We talked and talked. We took long walks together. She showed me things, explained them, interpreted much that I had not understood. Through her sympathetic intelligence I became more and more comprehending of the spirit of the people of Herland, more and more appreciative of its marvelous inner growth as well as outer perfection.

I ceased to feel a stranger, a prisoner. There was a sense of understanding, of identity, of purpose. We discussed—everything. And, as I traveled farther and farther, exploring the rich, sweet soul of her, my sense of pleasant friendship became but a broad foundation for such height, such breadth, such interlocked combination of feeling as left me fairly blinded with the wonder of it.

As I’ve said, I had never cared very much for women, nor they for me—not Terry-fashion. But this one—

At first I never even thought of her “in that way,” as the girls have it. I had not come to the country with any Turkish-harem intentions, and I was no woman-worshipper like Jeff. I just liked that girl “as a friend,” as we say. That friendship grew like a tree. She was such a good sport! We did all kinds of things together. She taught me games and I taught her games, and we raced and rowed and had all manner of fun, as well as higher comradeship.

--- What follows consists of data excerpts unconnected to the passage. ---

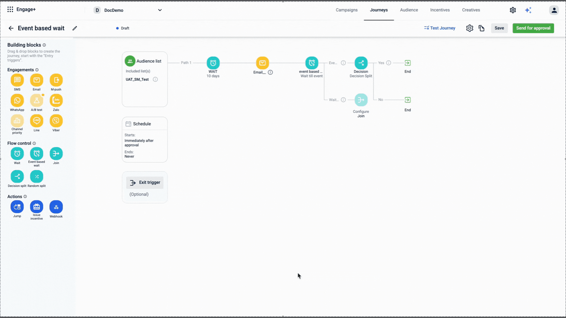 NoteThe webhook block cannot be edited once the journey has been sent for approval. Test webhooks thoroughly before going live as edits require re-approval.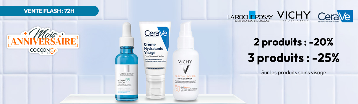 Quel que soit le produit recherché, vous le trouverez dans votre parapharmacie en ligne Cocooncenter. Par contre, nous ne vendons pas de médicaments. Uniquement des produits parapharmaceutiques tels que des : soins du visage (démaquillants, gommages, crèmes, ...), soins du corps (exfoliants, crèmes, soins raffermissants, …) ou encore soins des cheveux (shampoings, masques et autres produits traitants). Des soins spécifiques, pour tous les membres de la famille, notamment pour la peau fragile des bébés.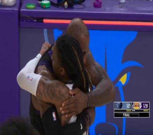 湖人力克灰熊!终场后詹姆斯留在场内拥抱莫兰特!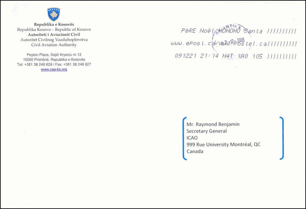 Cover sent from Kosovo’s CAA to Mr. R. Benjamin, Secretary General. Postmarked 7 December 2009. Note that the above stampless cover was postmarked in Kosovo on 7 December 2009, i.e., on the exact day of ICAO’s 65th anniversary. It was again postmarked at the entrance into Canada on 21 December 2009 by Canada Post (H4T 1A0 postal code, at the main sorting plant of MacArthur Street in the borough of Saint-Laurent, Montreal), which had developed a special postal code H0H 0H0, as per the following story. In 1974, staff at Canada Post’s Montreal office was noticing a considerable number of letters addressed to Saint Nicholas coming into the postal system, and those letters were being treated as undeliverable. Since those employees did not want the writers, mostly young children, to be disappointed at the lack of response, they started answering the letters themselves. The amount of mail sent to Santa Claus increased every Christmas, up to the point that Canada Post decided to start an official Santa Claus letter-response program in 1983. Approximately one million letters come into Santa Claus each Christmas, including from outside of Canada, and all of them are answered, in the same languages in which they are written. Canada Post introduced a special address for mail to Santa Claus, complete with its own postal code: SANTA CLAUS, NORTH POLE, H0H 0H0, CANADA. In French, Santa's mail is addressed to: PÈRE NOËL, PÔLE NORD, H0H 0H0, CANADA. H0H 0H0 was chosen for this special seasonal use as it reads as "Ho ho ho"....

Then, as I got on farther, the palace and treasures and snowy mountain ranges opened up. I had never known there could be such a human being. So—great. I don’t mean talented. She was a forester—one of the best—but it was not that gift I mean. When I say great, I mean great—big, all through. If I had known more of those women, as intimately, I should not have found her so unique; but even among them she was noble. Her mother was an Over Mother—and her grandmother, too, I heard later.

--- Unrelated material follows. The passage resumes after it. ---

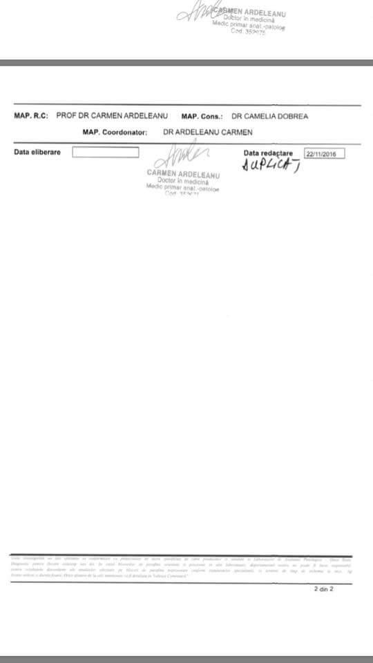 O prietena de familie care este si medic la Targoviste , ne-a recomandat sa i se faca o interventie chirurgicala pentru prelevarea unor probe, cu care ulterior am mers personal la laboratorul Spitalului Monza.

So she told me more and more of her beautiful land; and I told her as much, yes, more than I wanted to, about mine; and we became inseparable. Then this deeper recognition came and grew. I felt my own soul rise and lift its wings, as it were. Life got bigger. It seemed as if I understood—as I never had before—as if I could Do things—as if I too could grow—if she would help me. And then It came—to both of us, all at once.

A still day—on the edge of the world, their world. The two of us, gazing out over the far dim forestland below, talking of heaven and earth and human life, and of my land and other lands and what they needed and what I hoped to do for them—

“If you will help me,” I said.

She turned to me, with that high, sweet look of hers, and then, as her eyes rested in mine and her hands too—then suddenly there blazed out between us a farther glory, instant, overwhelming—quite beyond any words of mine to tell.

Celis was a blue-and-gold-and-rose person; Alma, black-and-white-and-red, a blazing beauty. Ellador was brown: hair dark and soft, like a seal coat; clear brown skin with a healthy red in it; brown eyes—all the way from topaz to black velvet they seemed to range—splendid girls, all of them.